Welcome to Bridget's website for English 101: Living Multilingualism !!!!
                                     Crossing the GAP
              “ Don’t be so nervous to study abroad. You will be fine! Your English grade is always the highest! Take care”  My friend said to me when she hugged me at the airport.  I nodded and said goodbye to those people I love and to the country  in which I grew  up and learned almost everything I knew.  When I stepped into the dorm room of Emory with tons of stuffs on my hand, I still had the confidence to speak English and had a faith that I can get involved in this new environment soon. 

            Things turn out to be on the opposite side. Starting from the orientation group, I found myself can never involve in a real conversation except saying “ Hi, nice to meet you. I am Bridget.”.  I can’t catch the joke, can’t discuss the movie or VMA. What’s more, just like what Sedaris says in his work “Regardless of their nationalities, everyone spoke in what sounded to me like excellent french. Some accents were better than others, but the students exhibited an ease and confidence I found intimidating.” It’s the first time I lost my confident in English and began to wonder if I can really involve in this different cultural and lingual environment.

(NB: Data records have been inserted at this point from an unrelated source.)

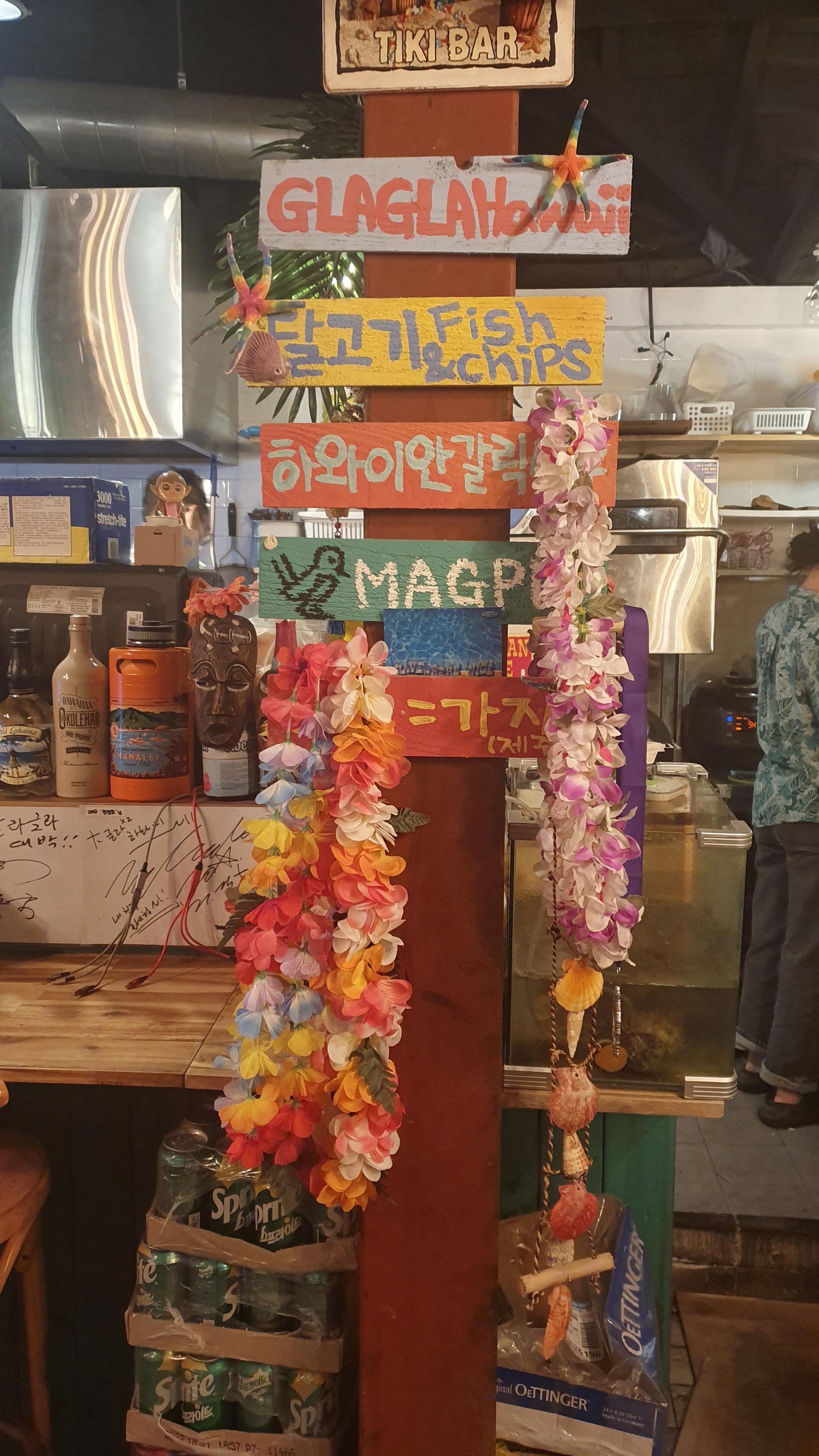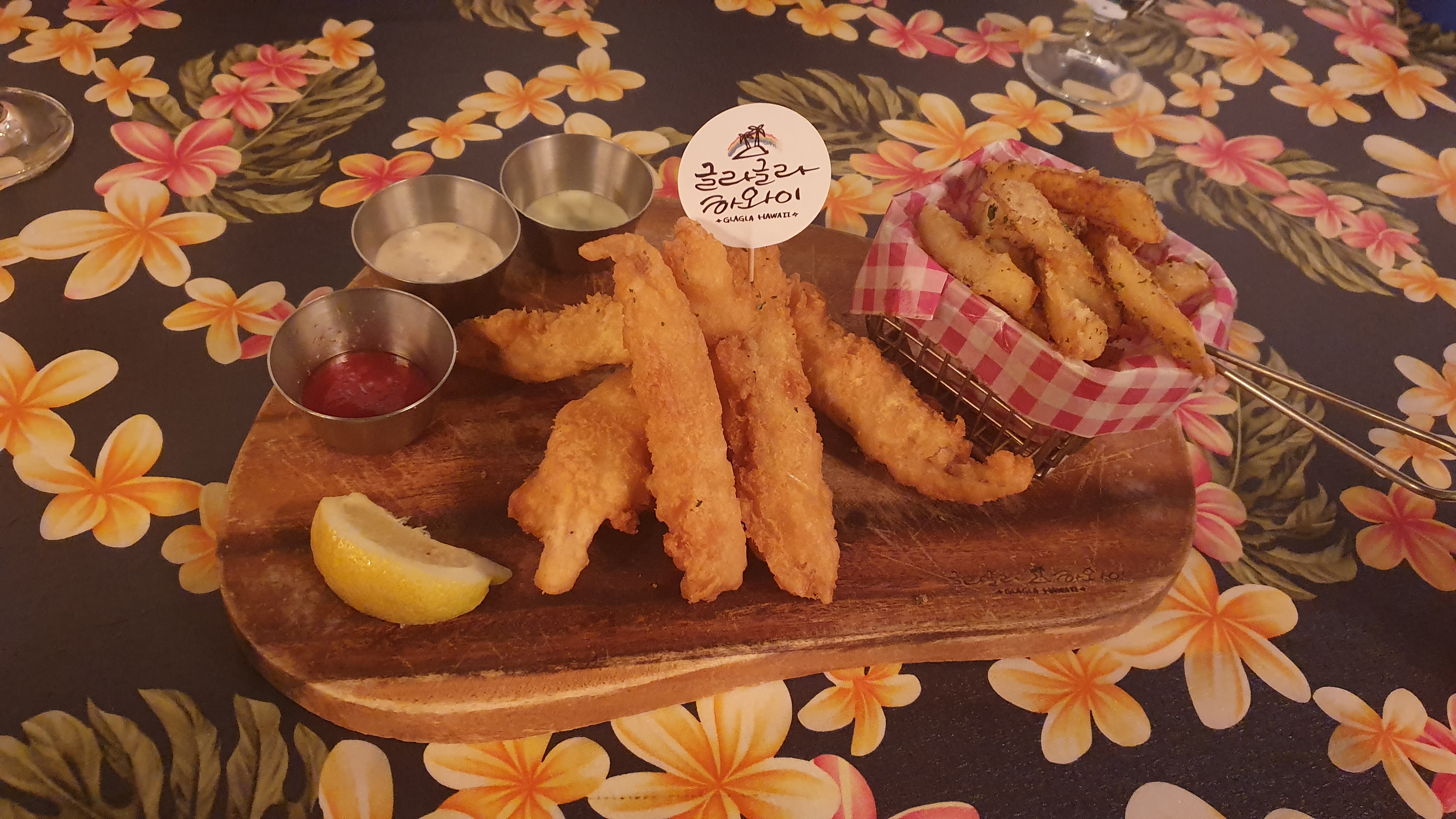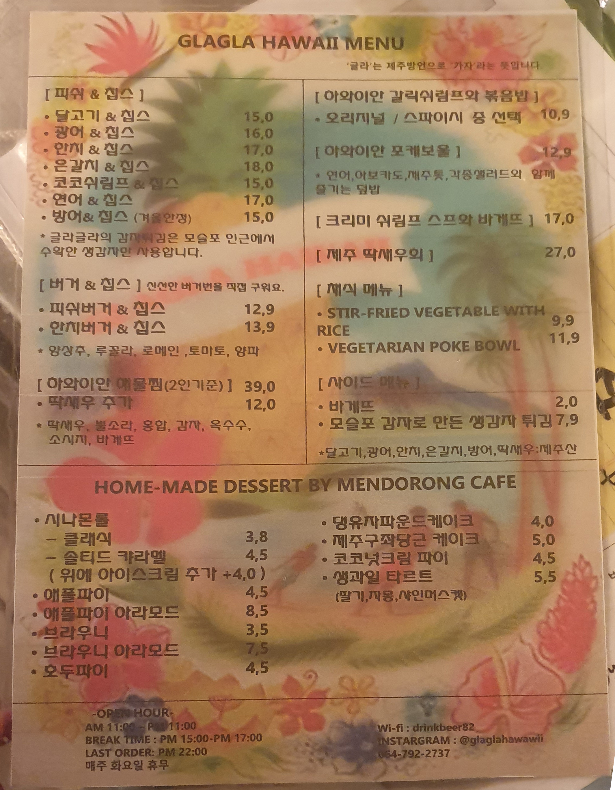 제주 속의 작은 하와이안 레스토랑 느낌으로 하와이스러운 내부 인테리어가 특징인 곳. 피시 앤 칩스가 유명하다. 이날 원래는 광어 앤 칩스로 주문을 했는데 광어가 없고 대신 민어로 조리를 해주셨는데 너무 식감이 부드럽고 입안에서 살살 녹아서 인상적이었다. 칵테일이 하와이 느낌의 화려한 꽃무늬 테이블 천과 잘 어울린다.
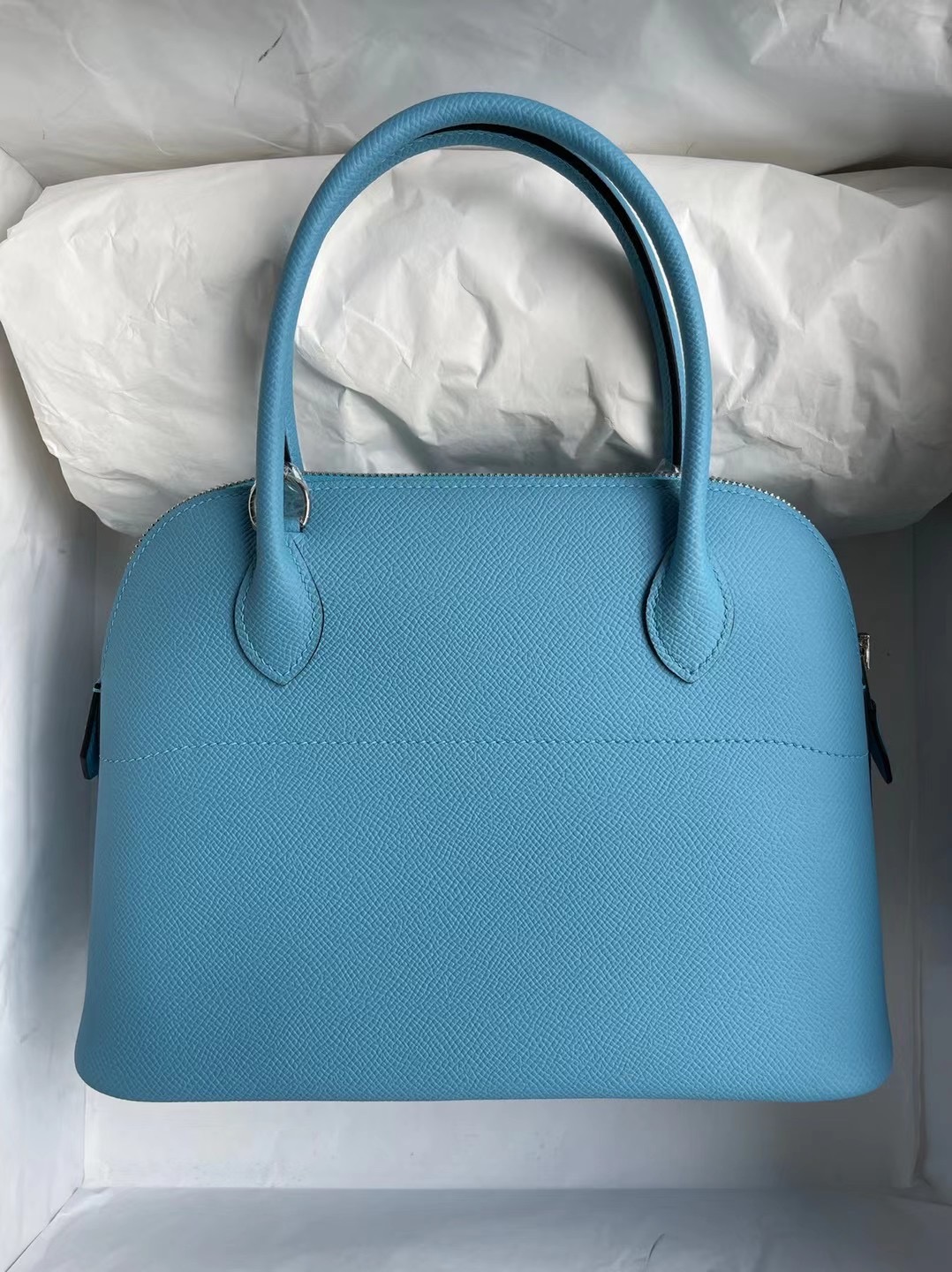 愛馬仕保齡球包價格 Hermes Bolide 1923 27cm Epsom CKP3 Bleu Du Nord 北方藍 銀扣 全手工蜜蠟線縫製 客定出
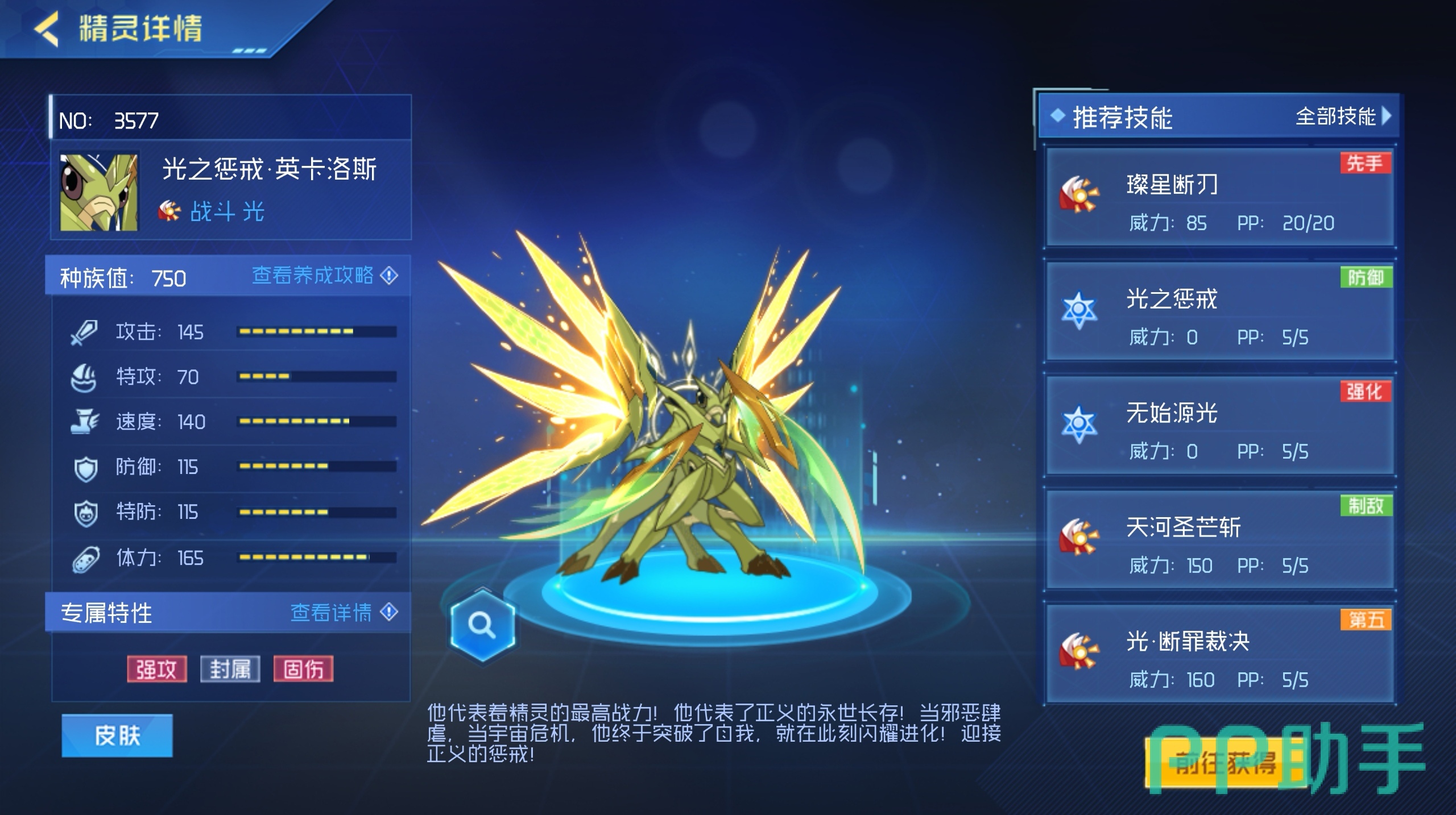 光断罪裁决是它的核心输出技能,威力高达160且必中,能够消除对手的能力提升状态,消除成功后的2回合内,对手无法通过自身技能恢复体力,要是用这招打败了对手,就能免疫下一次的遭受的攻击,就算没打败对方,也能使其陷入疲惫,同时提升自己的所有属性值。连续使用天河圣芒斩和璨星断刃,无视对手免疫伤害效果,要是敌人处在异常状态,威力还会加强,使用璨星断刃时,若自身满体力则技能威力提升100%,使用这招能打乱敌人的进攻节奏。
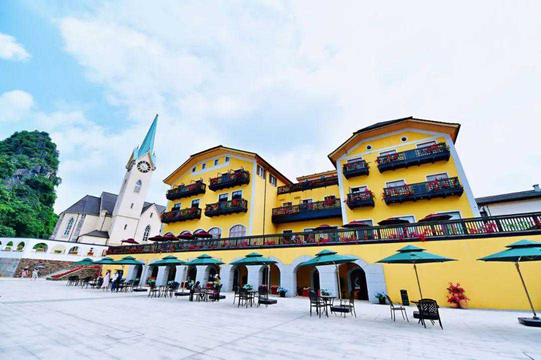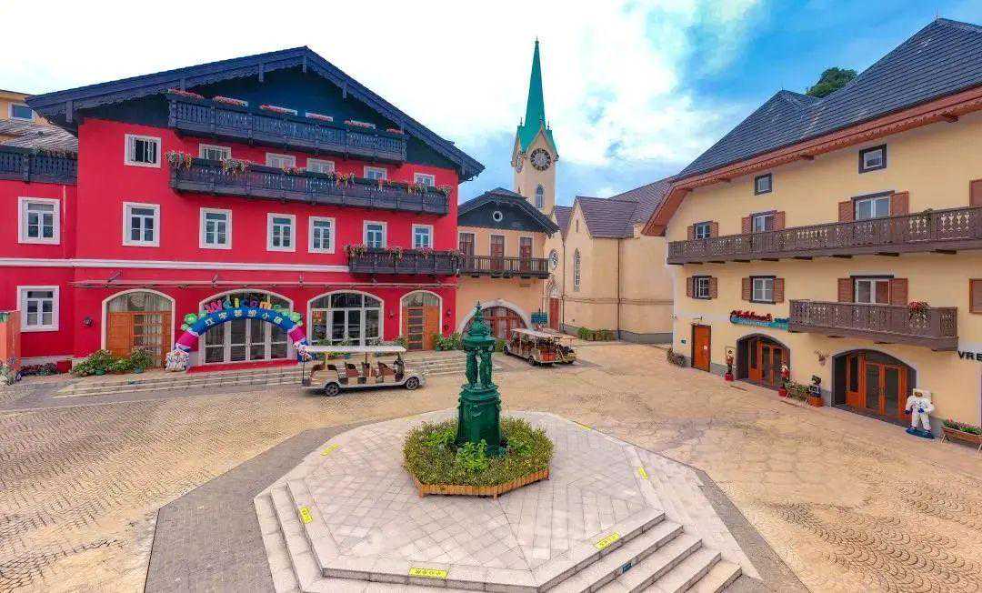 盐镇广场以哈尔施塔特小镇内的集市广场为原型打造,是当地居民的商业社交中心。“哈尔施塔特”从德语翻译过来即“盐城”的意思,故而取名为:“盐镇广场”。这座小镇以盐矿著称,有“盐矿宝地”之称,盐矿业的发达促进了当地经济的繁荣。优美的环境和发达的经济还吸引了众多浪漫的画家、艺术家、诗人和作曲家,从而留下了大量优质的建筑和艺术品遗迹。
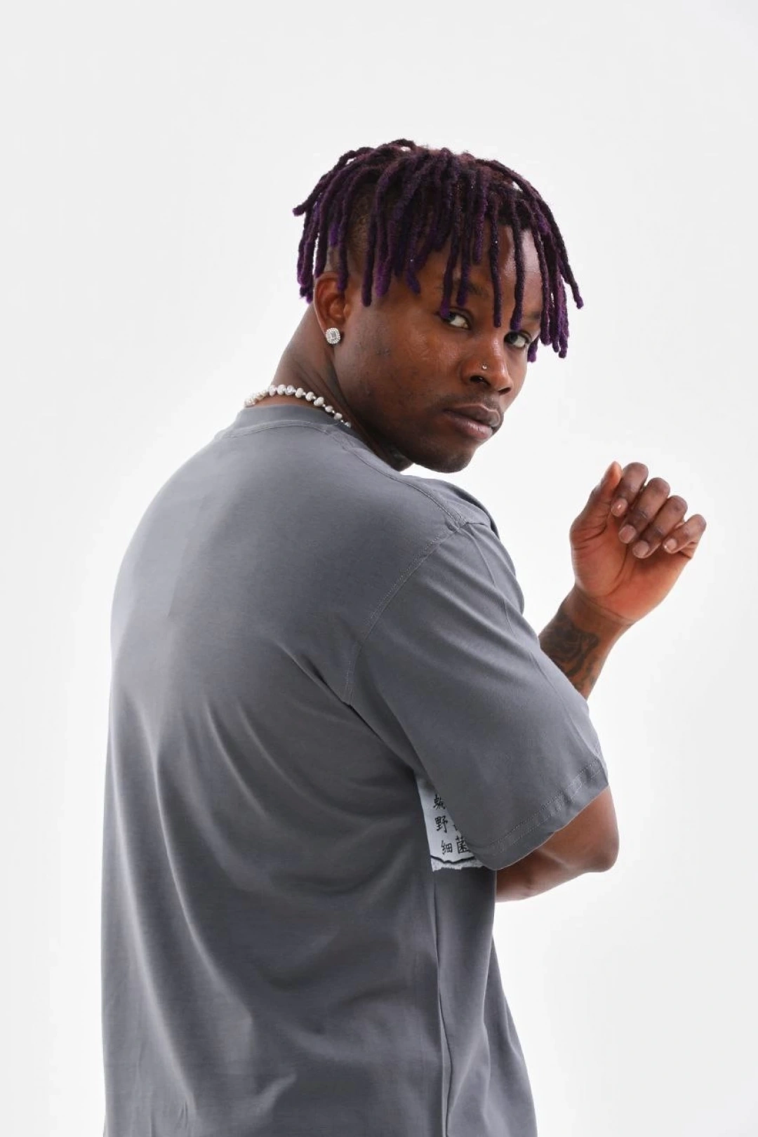 Erkek OversizeGrafik Tişört "CAMPBRASTCOOPERATION" Kalın Yazı Bisiklet Yaka, Kısa Kol, Kalın Mor ve Siyah Desenli Yazlık Sokak Kıyafeti - Siyah
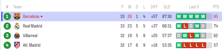 西甲:巴萨2-0夺9连胜领先皇马11分 最快下轮夺冠
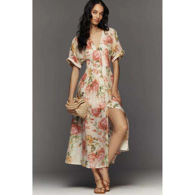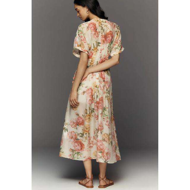 เดรสลำลองผ้าฝ้ายทรงเอไลน์ แขนสั้น คอวี แขนพอง ลายดอกไม้ สำหรับผู้หญิง ยี่ห้อ Tobie
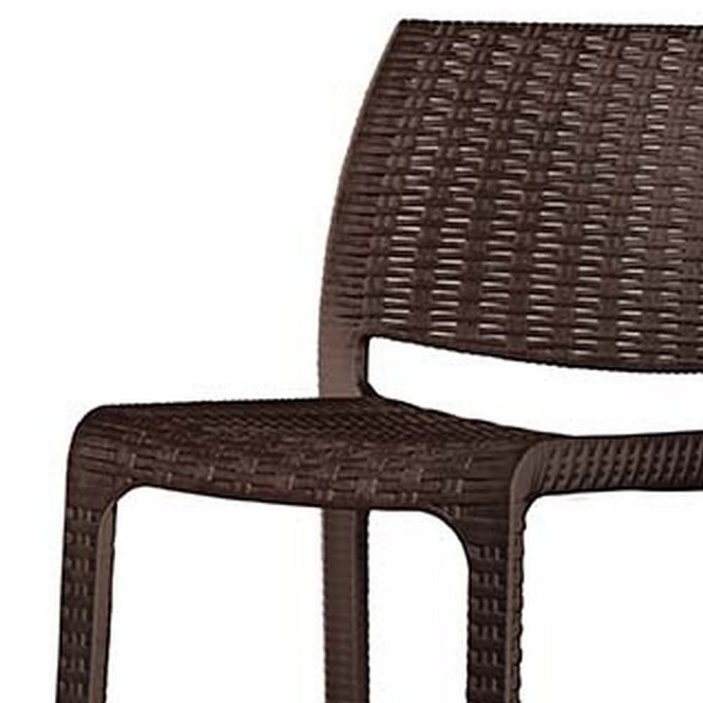 This set of two 30-inch brown faux rattan low back outdoor bar height chairs will be the perfect way to add some cool design and utility to your space similar to what you find in your favorite outdoor cafes or bars. Allow the mesmerizing brown color to become a work of art, leaving a lasting impression that beautifully embodies your individuality. The square shape of the seat combines with a low back to give this chair a comfortable and fashionable look. For outdoor gatherings on the deck, yard, patio or poolside, this bar stool is a comfy and trendy option. 40.20-inch h x 19.90-inch w x 20.00-inch d.

          Most people think that if someone has learned a language for more than ten years, even though it may not be his or her mother language,  this person should master this language well and be confident using it. But for the rest of people including us who study a foreign language at our own country are not surprised by the fact that years of studying do not mean mastering a language and speaking the language like a native speaker because we do experience the gap between the same language spoken and used in different countries.

        I remembered on the second day  after we arrived in Atlanta, we went shopping in a nearest mall. When we waited for the bus, we noticed a sign with “Smoking free” on it. My friend’s father asked us “What’s that mean? Can I smoke here or not?” We hesitated answering. “ Does it means smoking freely here or smoking is banned here?”  If you walking into some cafes in China, you can see the sign with“禁止吸烟”and “No smoking” on it.  But we never saw “smoking free” before. We didn’t want to go to ask and told my friend’s father “ We are not sure, but you’d better not smoke here.” “If you don’t know, you should go to ask instead of staying unknown and being satisfied with your limited knowledge. “ He insisted that we should figure it out. Then we went to ask a person and got an answer “’Smoking free’ is just like ‘duty free’. ‘free’ there means ‘without’.” We learned a new terms by asking local people. This experience fires my curiousity about how different is the English spoken and used in China and America and my passion in learning real English.

          I started to encourage myself to going talk and asking  other students either in my hall or in my class. Not so long, I find that there are really many differences between what we learn in China and what people talk in America.  

         With the orientation guide on her hand, a friend asked if I want to go to the activity tonight on the McDonough Field. 

“ Ok, I will meet you at the playground opposite to the DUC.” 

“ Playground? You call “field ““playground” in China?” My friends seemed surprised.  

But I didn’t catch the point.  “ Yes, anything wrong with that?”  I recalled the “five-sentence essay” we often wrote in primary school. The most common sentence that almost appeared on everyone’s sheet is “ I always play soccer (or other sports) with my friend on the playground.”   

“What do you mean when you say ‘playground’?” I  asked.

“ Playground is the place where small kids play. Err.. just like the place in McDonalds!!! Field is just where we paly sports on.”

            The friends’ words open a brand new world for me. It seems that what I have learned and what I have always believed right can be a mistake or even a joke for the native speakers. 

            The gap between the  same language but taught in different countries makes me feel intimidating and upset. It’s  neither the school’s nor  the teacher’s fault.  Actually, from my point of view, the gap exists because the language environment and the purpose of learning the language are different.  In china, except the students who want to study abroad, other students study English because of the general requirement of the education system and  the entry exam for universities. So actually the textbooks are in different versions with almost same contents to teach us how to read, listen and write in English.  Because the purpose for test instead of for daily use, textbooks mainly focus on formal English, especially grammar.. However, the authors of the books are seldom native speakers and most of them are chinese.  So the editors actually always translate English into Chinese or look at the chinese meaning of English words. Just like what we learn in chinese class that words with almost the same meanings in the dictionary actually have slightly different way to use in different situation, English words’ meanings actually vary in different situations. But we can tell the slight difference between chinese words instead of between English words because we listen and speak in chinese all the time! Maybe that’s the way to cross the gap between language taught in different countries : Living with native speakers, listening and talking to Americans! 

          “ Table tennis club is not big on campus.” “ So "big" means "popular" there?” “Right.” Now I am learning how to say English like an Americans does. Maybe one day I can get rid of the accent and involve in this new language environment. But what can we do  if we can’t always have the chances to reach to native speakes when we  are in a different country with them?Why can’t we think more about the purpose to learn a foreign language? To use it in one day in the future or just to learn it for the test? Why can’t we correct the mistakes in the textbook and teach children in China the way that native speakers speak English?